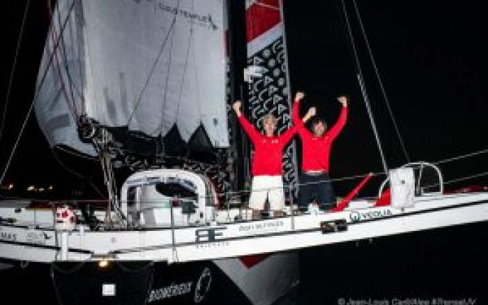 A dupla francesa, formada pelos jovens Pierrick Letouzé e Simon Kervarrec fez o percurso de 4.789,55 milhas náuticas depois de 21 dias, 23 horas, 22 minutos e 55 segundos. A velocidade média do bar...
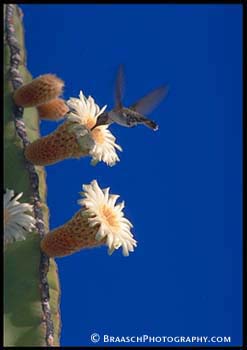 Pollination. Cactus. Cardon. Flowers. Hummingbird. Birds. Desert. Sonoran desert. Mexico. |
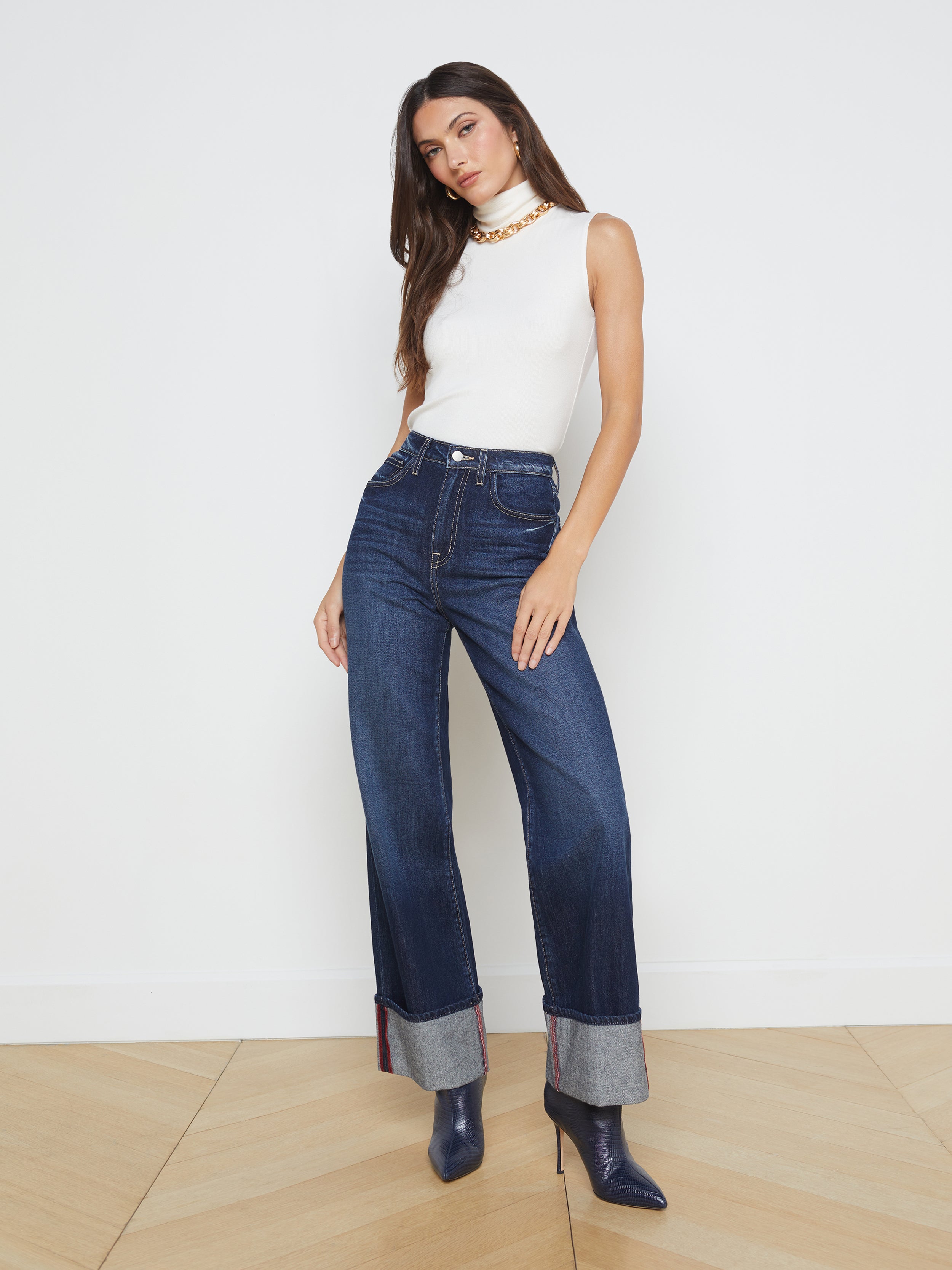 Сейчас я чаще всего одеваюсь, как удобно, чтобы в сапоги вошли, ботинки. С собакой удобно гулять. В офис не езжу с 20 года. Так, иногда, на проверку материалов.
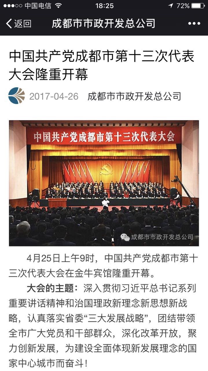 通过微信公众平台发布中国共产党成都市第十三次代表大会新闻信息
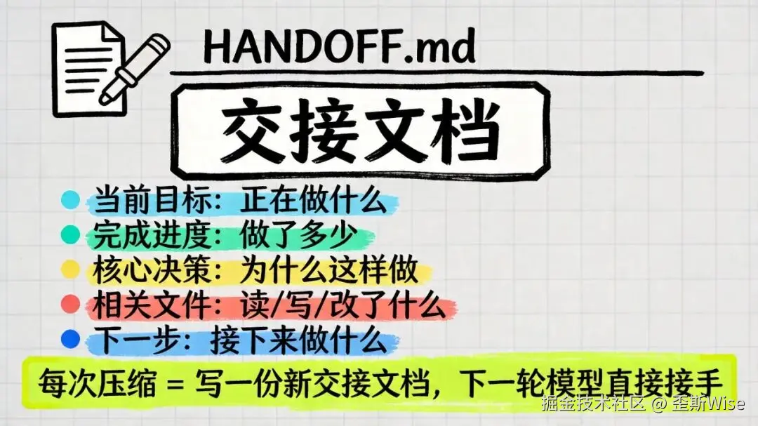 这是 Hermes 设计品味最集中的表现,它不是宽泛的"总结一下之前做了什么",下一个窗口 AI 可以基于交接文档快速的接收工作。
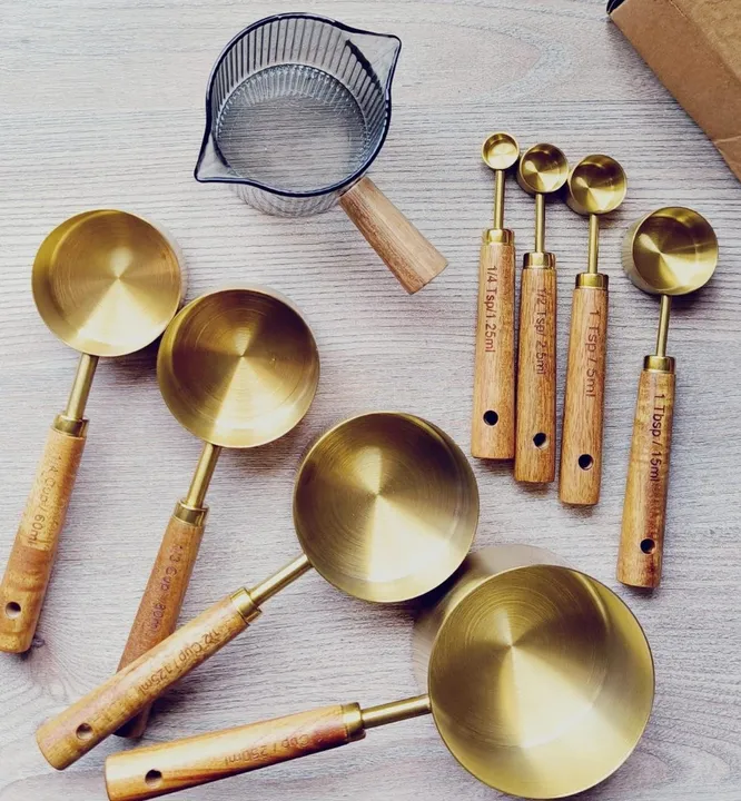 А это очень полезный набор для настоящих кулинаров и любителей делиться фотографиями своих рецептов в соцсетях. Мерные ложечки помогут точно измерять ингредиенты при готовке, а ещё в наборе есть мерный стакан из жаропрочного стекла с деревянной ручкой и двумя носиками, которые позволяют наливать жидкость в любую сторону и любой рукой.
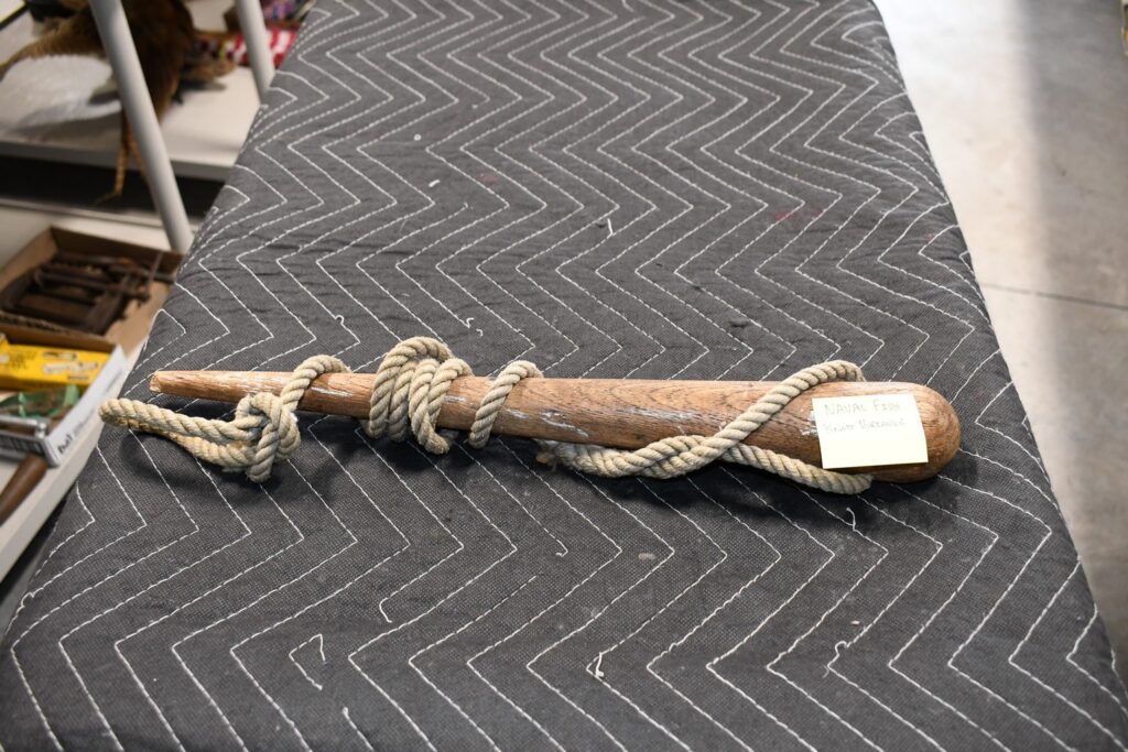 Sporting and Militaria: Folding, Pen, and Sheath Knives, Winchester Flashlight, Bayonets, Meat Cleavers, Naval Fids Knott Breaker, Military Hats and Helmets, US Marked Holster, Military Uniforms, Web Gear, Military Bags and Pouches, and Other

*WHAT THE TASK REQUIRES*
Could you write out, word for word, the lines from the one containing "А это очень" through the last line of the records, leaving out the pictures?

*OUTPUT FOR THIS EXERCISE*
 А это очень полезный набор для настоящих кулинаров и любителей делиться фотографиями своих рецептов в соцсетях. Мерные ложечки помогут точно измерять ингредиенты при готовке, а ещё в наборе есть мерный стакан из жаропрочного стекла с деревянной ручкой и двумя носиками, которые позволяют наливать жидкость в любую сторону и любой рукой.
 Sporting and Militaria: Folding, Pen, and Sheath Knives, Winchester Flashlight, Bayonets, Meat Cleavers, Naval Fids Knott Breaker, Military Hats and Helmets, US Marked Holster, Military Uniforms, Web Gear, Military Bags and Pouches, and Other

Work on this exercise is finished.